The observed FA prevalence of 51% in our sample is higher than that reported in previous studies, which ranges from 13% to 20% among post-bariatric patients [13,14]. The clinical setting of our sample may partially explain this discrepancy, as all participants were referred to a psychiatric outpatient clinic, potentially representing a population with more severe psychopathology. Alternatively, it could reflect broader diagnostic criteria captured by the mYFAS 2.0 or cultural and contextual factors specific to the Brazilian population.
Recent developments in the nosology of eating disorders have introduced constructs such as orthorexia nervosa—which is a condition characterized by an obsessive focus on healthy eating—and this also appears to share common psychological underpinnings with FA, particularly emotional dysregulation and compulsive behaviors [24]. These findings support the notion that emotional alterations are a transdiagnostic feature across traditional and emerging eating disorders, reinforcing the need for multidimensional assessment tools that capture the complexity of eating-related psychopathology in post-bariatric populations.
The most robust associations emerged between FA and bulimia nervosa, OCD, and generalized anxiety disorder. The link between FA and bulimia nervosa is well-documented and intuitive, given shared features such as a loss of control over eating, emotional dysregulation, and compulsive food behaviors [12,25]. However, the magnitude of this association in our regression model (aOR = 19.42) underscores the severity of overlap. It suggests that FA may be a critical clinical marker for identifying patients with subthreshold or undiagnosed eating disorders following bariatric surgery.
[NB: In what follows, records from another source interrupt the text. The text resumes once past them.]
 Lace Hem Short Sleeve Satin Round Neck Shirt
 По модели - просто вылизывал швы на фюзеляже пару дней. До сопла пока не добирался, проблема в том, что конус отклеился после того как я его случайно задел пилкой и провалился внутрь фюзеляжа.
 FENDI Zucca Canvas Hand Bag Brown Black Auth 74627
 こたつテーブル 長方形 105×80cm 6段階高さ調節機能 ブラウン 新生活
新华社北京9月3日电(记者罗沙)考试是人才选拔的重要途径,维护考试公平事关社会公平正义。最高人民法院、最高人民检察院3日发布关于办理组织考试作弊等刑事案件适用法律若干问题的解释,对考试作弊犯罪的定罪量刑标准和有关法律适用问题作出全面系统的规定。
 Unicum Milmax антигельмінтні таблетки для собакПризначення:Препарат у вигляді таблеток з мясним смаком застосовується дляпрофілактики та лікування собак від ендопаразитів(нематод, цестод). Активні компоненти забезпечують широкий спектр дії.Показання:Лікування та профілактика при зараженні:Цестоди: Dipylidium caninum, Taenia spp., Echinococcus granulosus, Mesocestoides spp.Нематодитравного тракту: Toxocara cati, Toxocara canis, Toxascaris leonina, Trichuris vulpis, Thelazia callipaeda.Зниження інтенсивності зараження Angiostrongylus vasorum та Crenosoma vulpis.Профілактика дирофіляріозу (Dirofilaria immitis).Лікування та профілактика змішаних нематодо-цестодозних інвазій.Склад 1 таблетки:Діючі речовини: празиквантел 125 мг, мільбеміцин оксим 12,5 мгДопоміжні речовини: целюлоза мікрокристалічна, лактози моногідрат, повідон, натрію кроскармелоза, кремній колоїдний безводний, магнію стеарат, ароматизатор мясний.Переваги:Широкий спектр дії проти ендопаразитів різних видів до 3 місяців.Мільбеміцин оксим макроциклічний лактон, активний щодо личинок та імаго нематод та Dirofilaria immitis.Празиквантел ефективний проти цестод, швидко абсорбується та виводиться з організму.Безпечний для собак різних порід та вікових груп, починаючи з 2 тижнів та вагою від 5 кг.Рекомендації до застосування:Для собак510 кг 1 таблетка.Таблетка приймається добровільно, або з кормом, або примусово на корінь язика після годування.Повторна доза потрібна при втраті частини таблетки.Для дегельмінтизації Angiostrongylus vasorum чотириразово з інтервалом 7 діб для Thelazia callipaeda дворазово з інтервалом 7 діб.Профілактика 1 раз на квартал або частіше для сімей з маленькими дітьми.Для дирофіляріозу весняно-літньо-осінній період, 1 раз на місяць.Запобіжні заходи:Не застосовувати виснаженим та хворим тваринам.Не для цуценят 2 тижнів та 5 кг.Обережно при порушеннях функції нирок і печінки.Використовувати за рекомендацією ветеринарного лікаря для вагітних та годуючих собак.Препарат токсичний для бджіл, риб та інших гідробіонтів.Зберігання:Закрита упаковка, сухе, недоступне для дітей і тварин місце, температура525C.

The strong association between FA and obsessive–compulsive disorder (aOR = 6.64) is also notable. This finding aligns with prior research suggesting that FA behaviors share characteristics with compulsivity, including intrusive thoughts about food and repetitive behaviors to reduce distress [26]. Neurobiological studies have identified overlapping circuits in reward processing and executive dysfunction between OCD and FA, including altered dopaminergic signaling in the cortico-striatal [11,27].
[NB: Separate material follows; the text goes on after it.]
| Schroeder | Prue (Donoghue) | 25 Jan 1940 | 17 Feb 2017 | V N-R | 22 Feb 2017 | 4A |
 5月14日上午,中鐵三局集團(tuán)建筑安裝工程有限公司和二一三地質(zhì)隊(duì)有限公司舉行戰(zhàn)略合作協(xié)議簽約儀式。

Mood and anxiety disorders were also significantly associated with FA in our study. Major depressive disorder, agoraphobia, social anxiety, and generalized anxiety disorder were all more prevalent among participants with FA. These findings reinforce prior evidence suggesting that affective dysregulation may be both a consequence and a driver of compulsive eating behaviors [16,28]. The link between depression and FA could be explained through the use of hyperpalatable food as a maladaptive coping mechanism, with transient mood relief reinforcing consumption despite long-term negative [15].
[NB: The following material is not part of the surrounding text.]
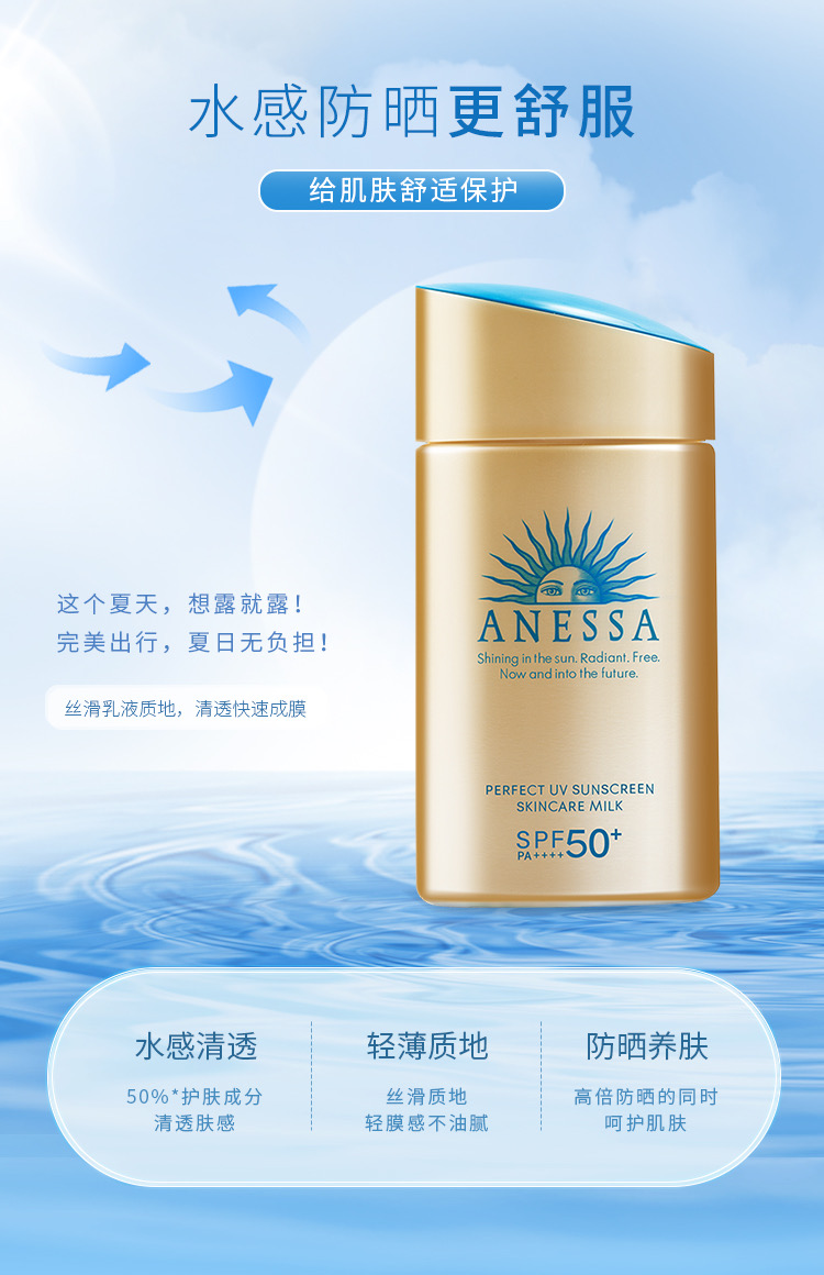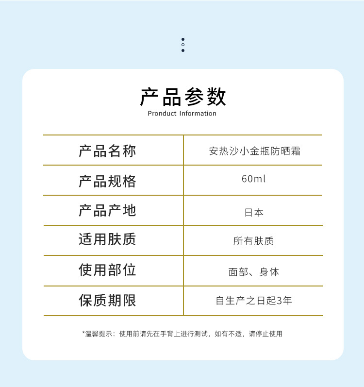 【保税仓直邮】安热沙 小金瓶防晒霜 耐晒清爽防晒SPF50+ 水能户外防晒乳60ml

Importantly, these associations were not mediated by somatic or surgical characteristics. BMI, the percentage of weight loss, post-surgical time, and the presence of medical comorbidities did not differ between groups. This suggests that FA and its associated psychiatric morbidity represent a psychological and behavioral domain distinct from the physiological outcomes of bariatric surgery. Therefore, weight-related metrics alone may not fully capture patients’ recovery trajectories or quality of life. Although time since surgery was recorded and did not differ significantly between groups, it may nonetheless influence the development or persistence of FA and related psychiatric conditions. Previous research suggests that psychological adaptations after bariatric surgery evolve over time, with some disorders emerging or intensifying in later postoperative phases. Future studies should explore whether the time since surgery moderates the relationship between FA and psychiatric outcomes, potentially identifying critical windows for preventive interventions.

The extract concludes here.